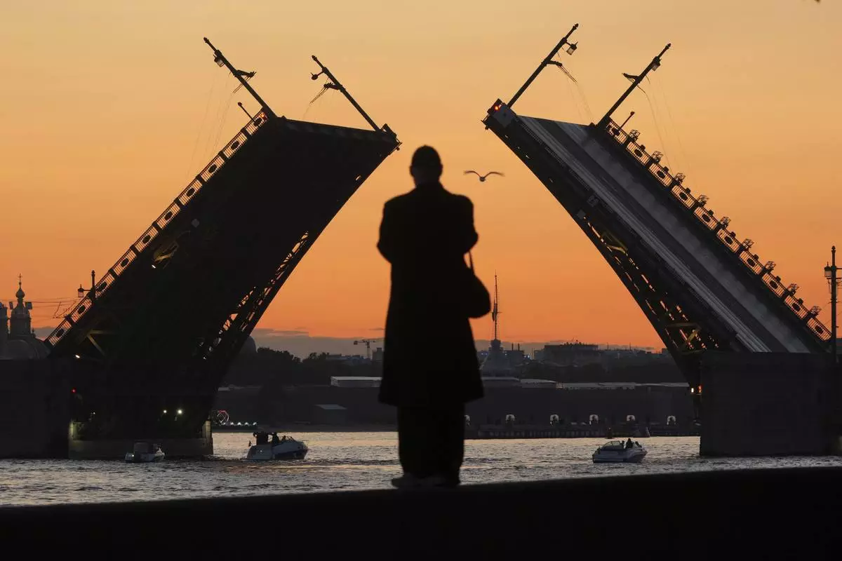 A man looks at the rising Dvortsovy (Palace) drawbridge on the Neva River in St. Petersburg, Russia, early Monday, June 23, 2025. (AP Photo/Dmitri Lovetsky)
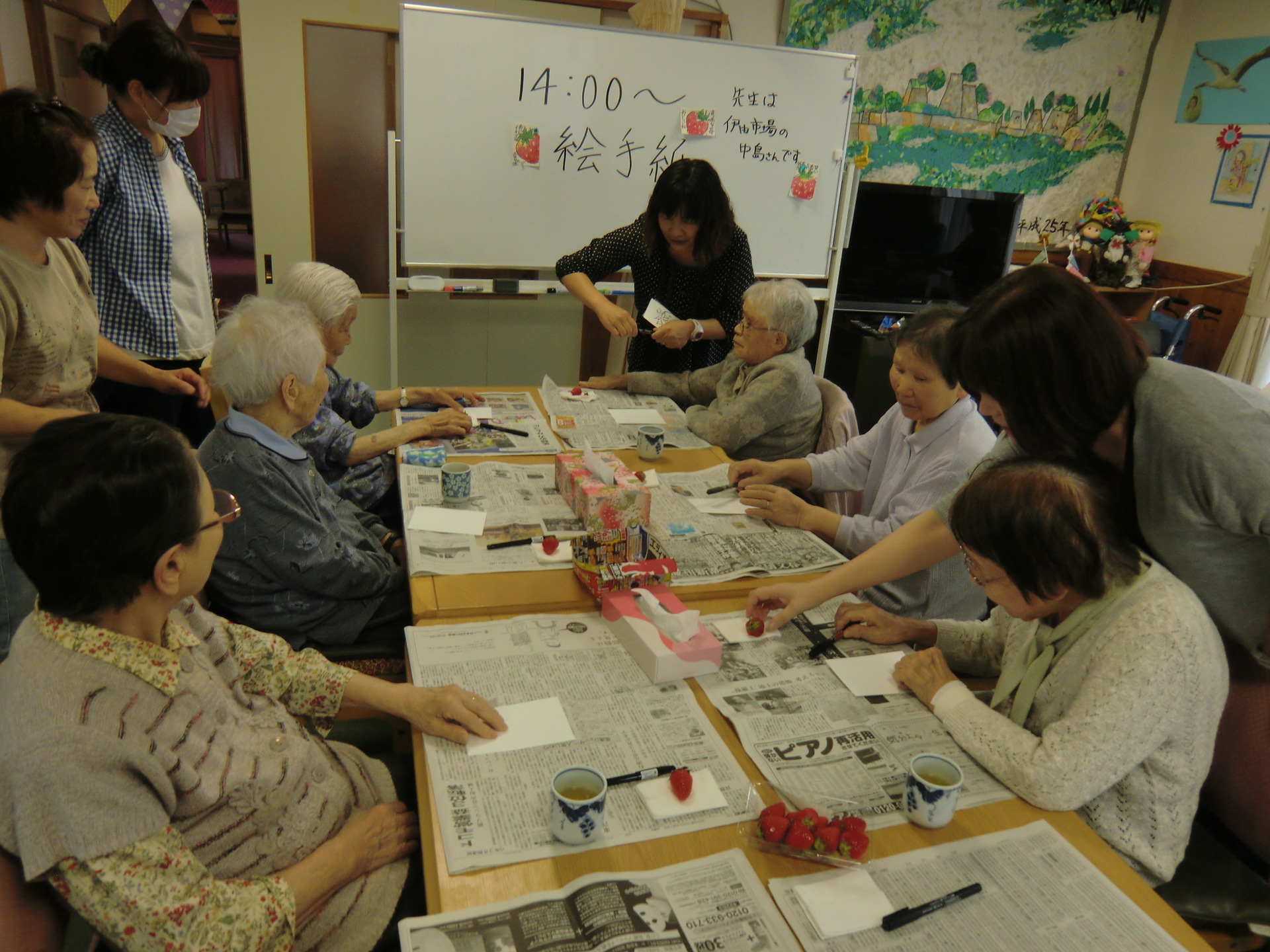今月のボランティア絵手紙教室で利用者さんと一緒に作りたいと思い
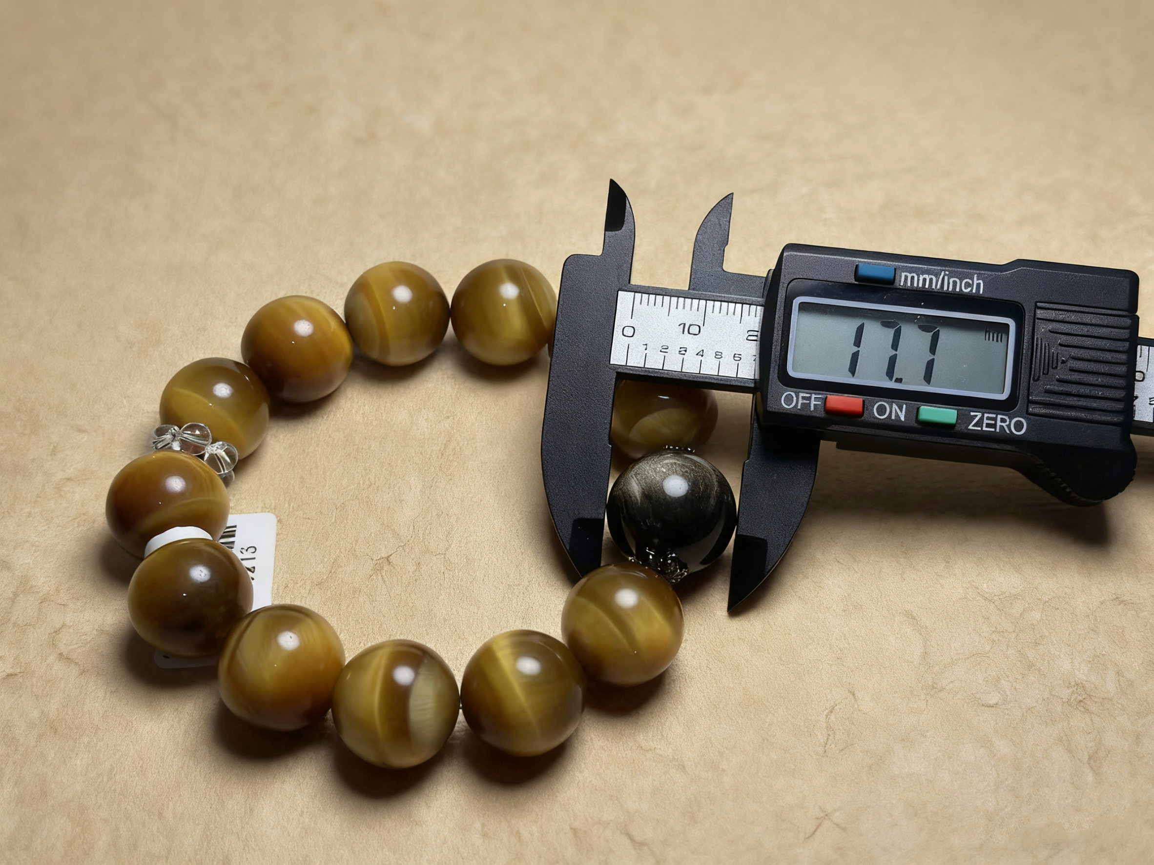 A/B: Golden Tiger’s Eye is often associated with courage and personal power. When you wear this bracelet, let its substantial presence be a physical cue to tap into your own inner confidence, helping you to act decisively and lead with authority.
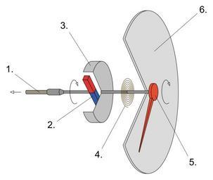 | Keywords: Speedometer diagram.svg en Diagram of traditional eddy current speedometer 1 Rotating cable from vehicle's transmission 2 Rotating magnet 3 Speedcup 4 Torsion spring 5 Pointer 6 Dial fi Perinteisen nopeusmittarin toiminta 1 Pyörivä kaapeli ajoneuvon akselilta 2 Pyörivä magneetti 3 Alumiinikuppi 4 Palautusjousi 5 Osoitin 6 Mittaritaulu 2014-03-26 15 04 57 own Jam123 cc-zero Uploaded with UploadWizard Speed measurement | ||||
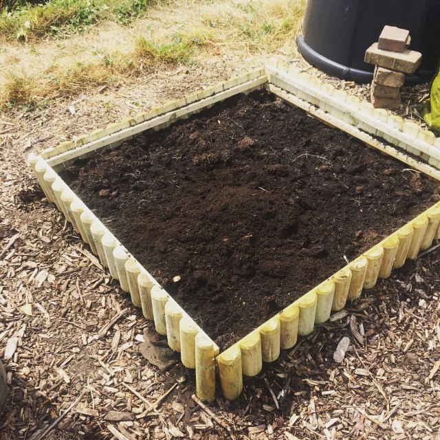 We started a new bed where the strawberries were. The ground was rock hard so they may require some hammering in when it’s a bit wetter. It was half filled with the compost from the potato bags. I’ll fill up some more next week and then some of the kale is going there, the rest of it is going to replace the French beans when they are done and maybe in pots until much later in the year when some of the other beds are finished.
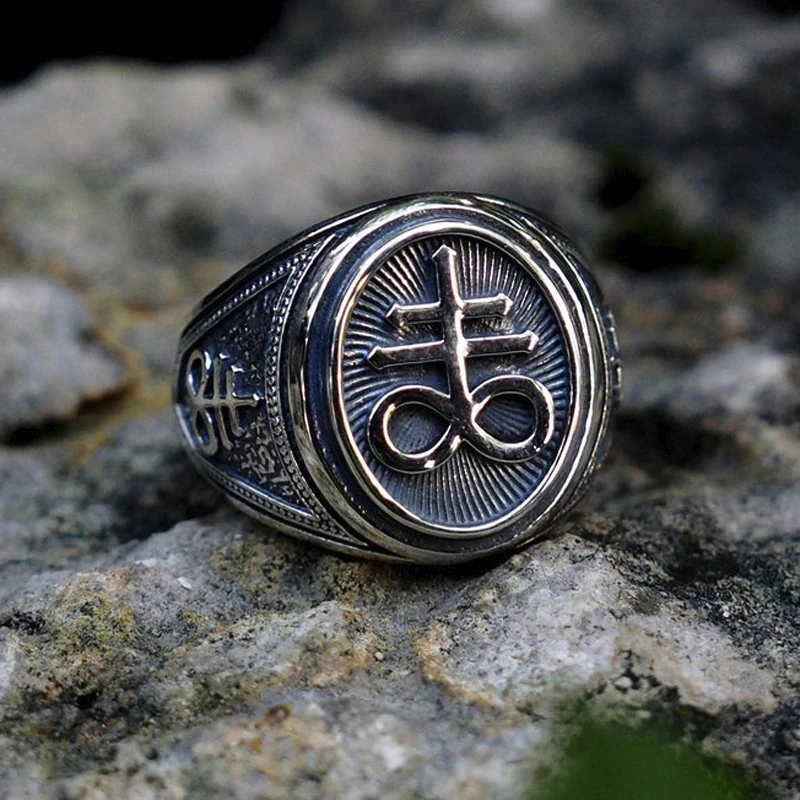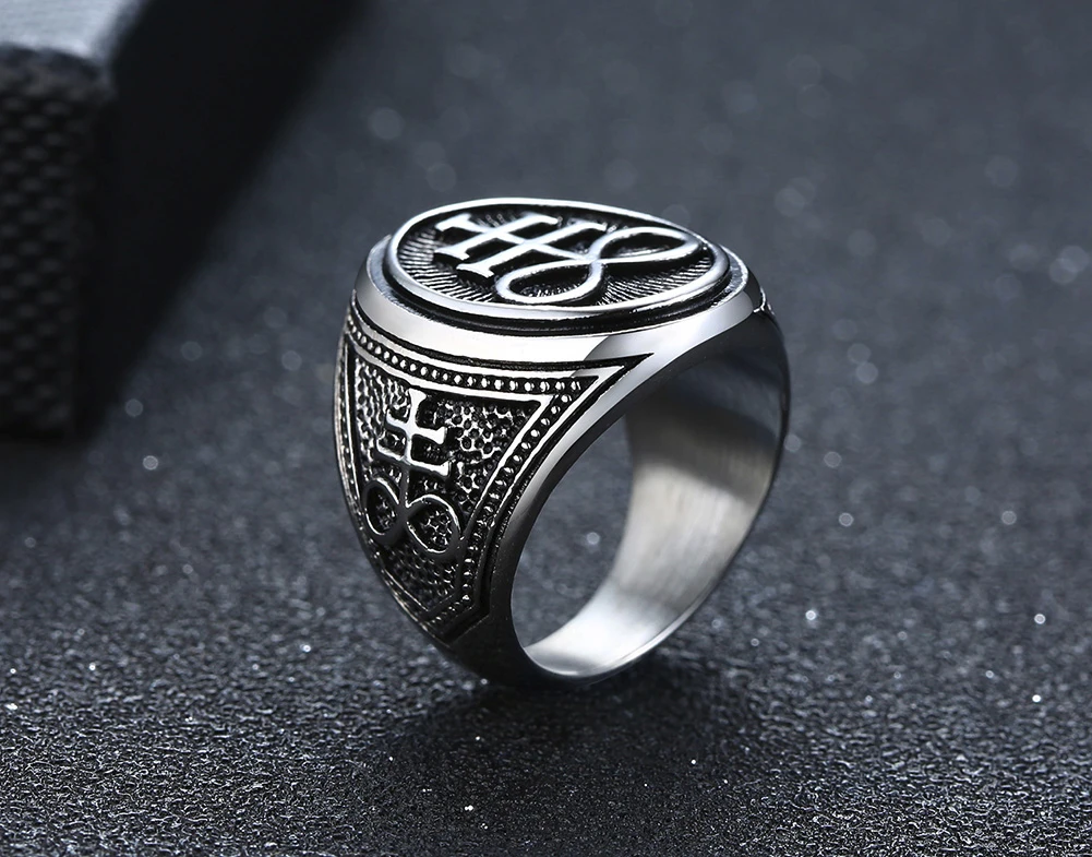 Сатанинское кольцо для мужчин, ювелирные изделия, кольца из серы, нержавеющая сталь, Левиафан, крест, кольцо
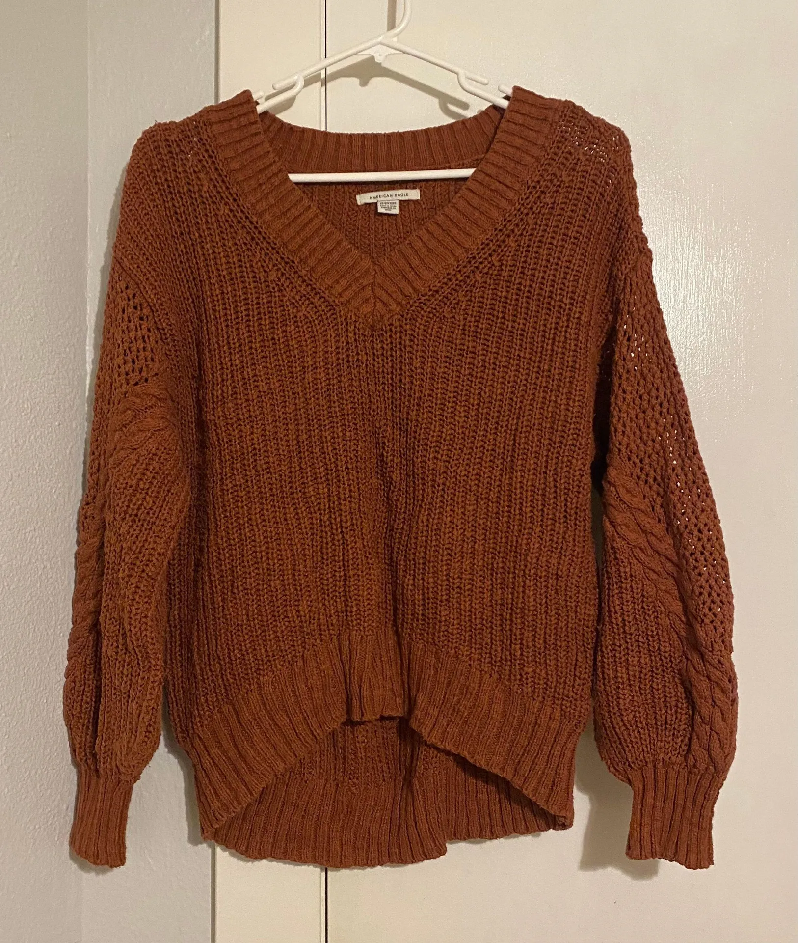 Great quality, thick material, size xs, fits oversized, burnt orange color.
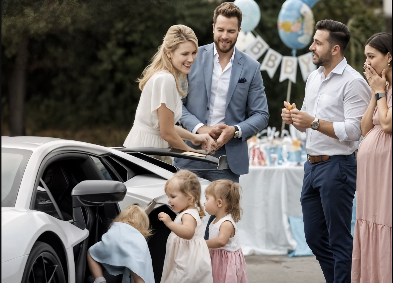 Ces mots flottèrent dans l’atmosphère, aigus et percutants, provoquant un silence immédiat parmi toutes les discussions du jardin ensoleillé. Je vis l’expression du visage de mon ancien mari se décolorer tandis que sa nouvelle compagne, enceinte jusqu’aux yeux, s’accrochait à son bras comme si sa vie en dépendait. Cet homme qui m’avait autrefois jeté des papiers de divorce à la figure, me traitant de « marchandise défectueuse » parce que je ne pouvais pas lui donner d’enfants. À cet instant, il restait immobile, alors que quatre bambins sortaient d’une Lamborghini blanche derrière moi.
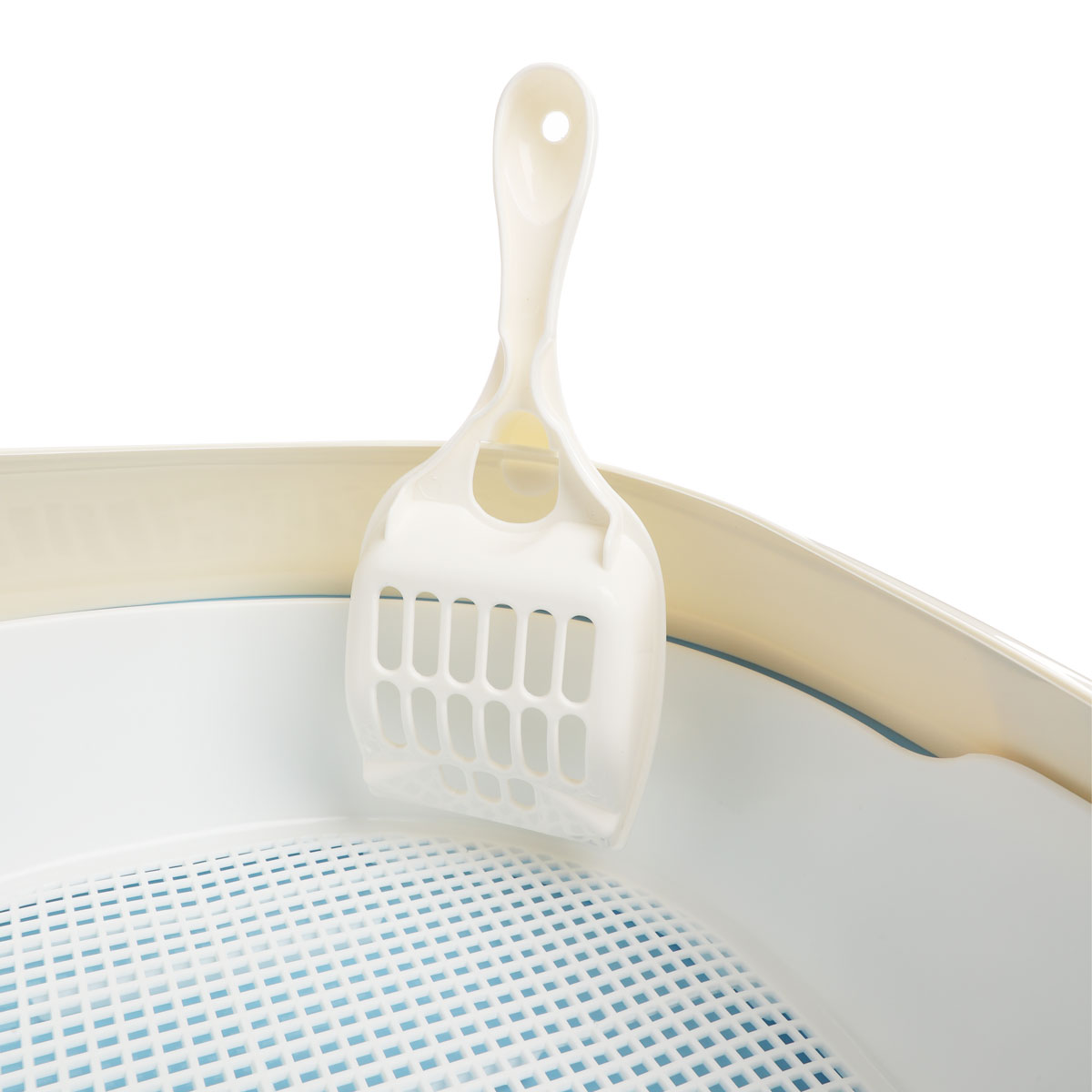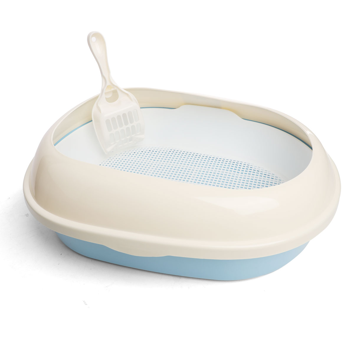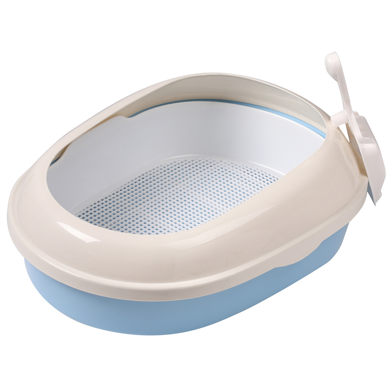 Туалет для кошек овальный с бортом, в комплекте с совком и сеткой. Очень удобный вариант, если вы еще не определили, что предпочитает ваша кошка. Лоток с сеткой идеально подходит питомцам, которые не любят наполнитель, но его необходимо мыть после каждого использования. А высокий борт - незаменимая вещь, если вы используете наполнитель. Благодаря высоким бортикам ваш пол останется чистым, а питомец не будет ограничен в удовлетворении своих инстинктов. Туалет изготовлен из износостойкого пластика, легко моется под струей воды и не впитывает запаха. Цвет поддона: голубой. Цвет борта: белый. Размер туалета: 500*370*170мм. Размер совка: 210*85*25мм.
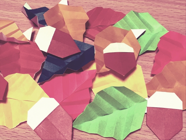 創作活動は手先を使い、脳を活性化させる効果が期待できます。秋の風景を描く絵画レクリエーションや、ちぎり絵、紅葉や秋の食材にちなんだ折り紙飾りなどが人気です。創作活動はそれぞれの利用者さんの状態によって難易度を調整できるので、幅広い方が楽しめるレクリエーションです。完成した作品を施設内に飾ることで、秋らしい雰囲気を演出できます。秋の折り紙の折り方は以下のリンクをご参考にしてください。
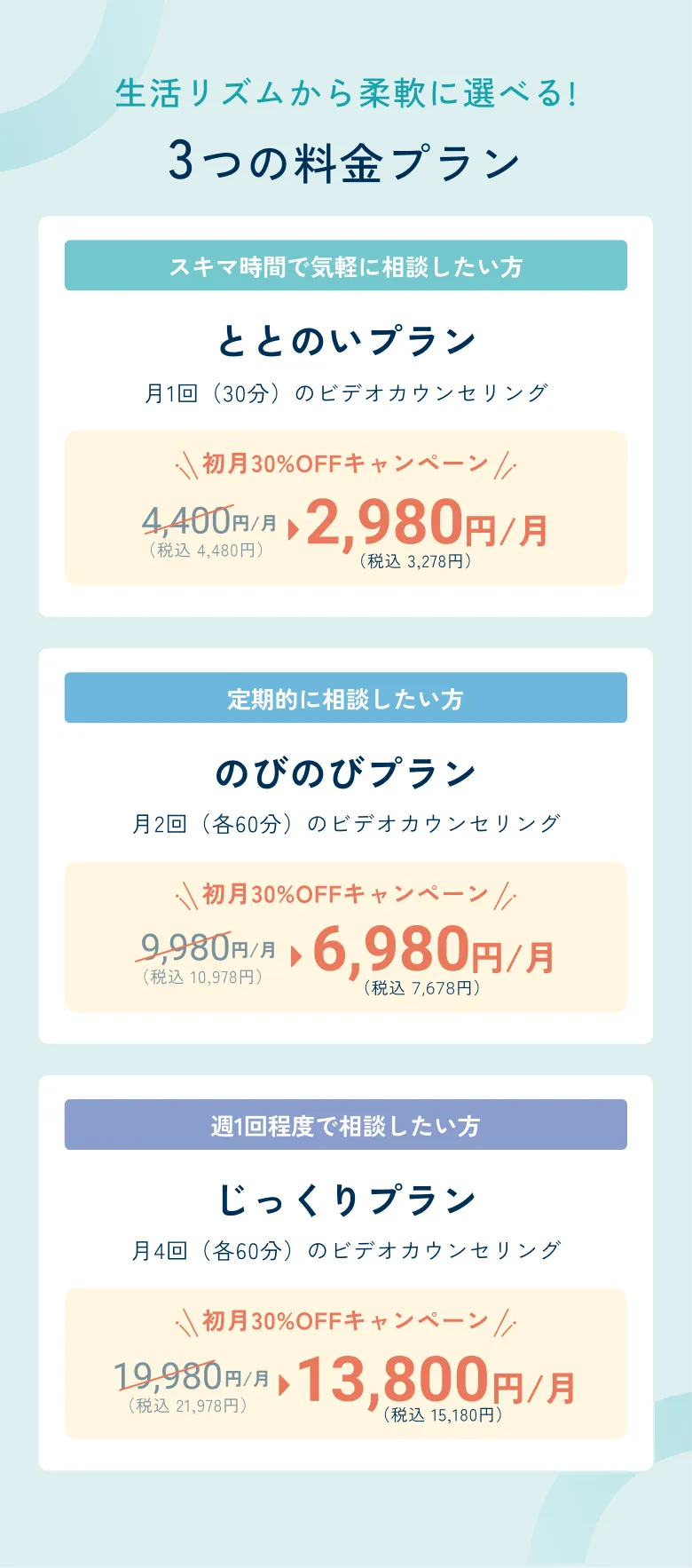 仕事や日常の忙しさに合わせて、柔軟にカウンセリングの時間を調整できるようにしています。 あなたの生活に合ったタイミングで、気軽にご利用いただけます。
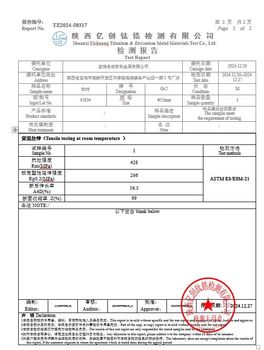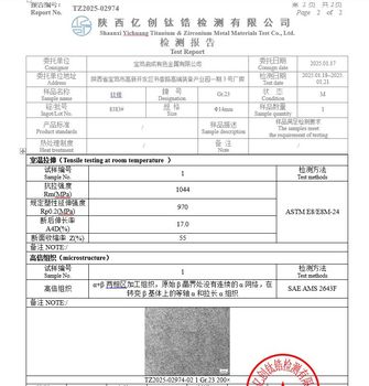 Prodotti principali: Fogli di titanio, barre di titanio, forgiati di titanio, parti di lavorazione del titanio, filo di titanio
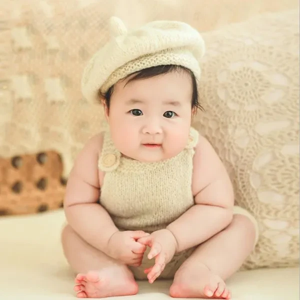 Photoshooting Props for Baby Shower Gift Newborn Costume Beanie Hat Romper Photo Posing Clothes Infant Photo Accessories GFA

■ ■ ■ ■ ■ ■ ■

What this task involves:
Write every line of the data out again exactly, leaving out all images.

Answer section:
 A man looks at the rising Dvortsovy (Palace) drawbridge on the Neva River in St. Petersburg, Russia, early Monday, June 23, 2025. (AP Photo/Dmitri Lovetsky)
今月のボランティア絵手紙教室で利用者さんと一緒に作りたいと思い
 A/B: Golden Tiger’s Eye is often associated with courage and personal power. When you wear this bracelet, let its substantial presence be a physical cue to tap into your own inner confidence, helping you to act decisively and lead with authority.
 | Keywords: Speedometer diagram.svg en Diagram of traditional eddy current speedometer 1 Rotating cable from vehicle's transmission 2 Rotating magnet 3 Speedcup 4 Torsion spring 5 Pointer 6 Dial fi Perinteisen nopeusmittarin toiminta 1 Pyörivä kaapeli ajoneuvon akselilta 2 Pyörivä magneetti 3 Alumiinikuppi 4 Palautusjousi 5 Osoitin 6 Mittaritaulu 2014-03-26 15 04 57 own Jam123 cc-zero Uploaded with UploadWizard Speed measurement | ||||
 We started a new bed where the strawberries were. The ground was rock hard so they may require some hammering in when it’s a bit wetter. It was half filled with the compost from the potato bags. I’ll fill up some more next week and then some of the kale is going there, the rest of it is going to replace the French beans when they are done and maybe in pots until much later in the year when some of the other beds are finished.
 Сатанинское кольцо для мужчин, ювелирные изделия, кольца из серы, нержавеющая сталь, Левиафан, крест, кольцо
 Great quality, thick material, size xs, fits oversized, burnt orange color.
 Ces mots flottèrent dans l’atmosphère, aigus et percutants, provoquant un silence immédiat parmi toutes les discussions du jardin ensoleillé. Je vis l’expression du visage de mon ancien mari se décolorer tandis que sa nouvelle compagne, enceinte jusqu’aux yeux, s’accrochait à son bras comme si sa vie en dépendait. Cet homme qui m’avait autrefois jeté des papiers de divorce à la figure, me traitant de « marchandise défectueuse » parce que je ne pouvais pas lui donner d’enfants. À cet instant, il restait immobile, alors que quatre bambins sortaient d’une Lamborghini blanche derrière moi.
 Туалет для кошек овальный с бортом, в комплекте с совком и сеткой. Очень удобный вариант, если вы еще не определили, что предпочитает ваша кошка. Лоток с сеткой идеально подходит питомцам, которые не любят наполнитель, но его необходимо мыть после каждого использования. А высокий борт - незаменимая вещь, если вы используете наполнитель. Благодаря высоким бортикам ваш пол останется чистым, а питомец не будет ограничен в удовлетворении своих инстинктов. Туалет изготовлен из износостойкого пластика, легко моется под струей воды и не впитывает запаха. Цвет поддона: голубой. Цвет борта: белый. Размер туалета: 500*370*170мм. Размер совка: 210*85*25мм.
 創作活動は手先を使い、脳を活性化させる効果が期待できます。秋の風景を描く絵画レクリエーションや、ちぎり絵、紅葉や秋の食材にちなんだ折り紙飾りなどが人気です。創作活動はそれぞれの利用者さんの状態によって難易度を調整できるので、幅広い方が楽しめるレクリエーションです。完成した作品を施設内に飾ることで、秋らしい雰囲気を演出できます。秋の折り紙の折り方は以下のリンクをご参考にしてください。
 仕事や日常の忙しさに合わせて、柔軟にカウンセリングの時間を調整できるようにしています。 あなたの生活に合ったタイミングで、気軽にご利用いただけます。
 Prodotti principali: Fogli di titanio, barre di titanio, forgiati di titanio, parti di lavorazione del titanio, filo di titanio
 Photoshooting Props for Baby Shower Gift Newborn Costume Beanie Hat Romper Photo Posing Clothes Infant Photo Accessories GFA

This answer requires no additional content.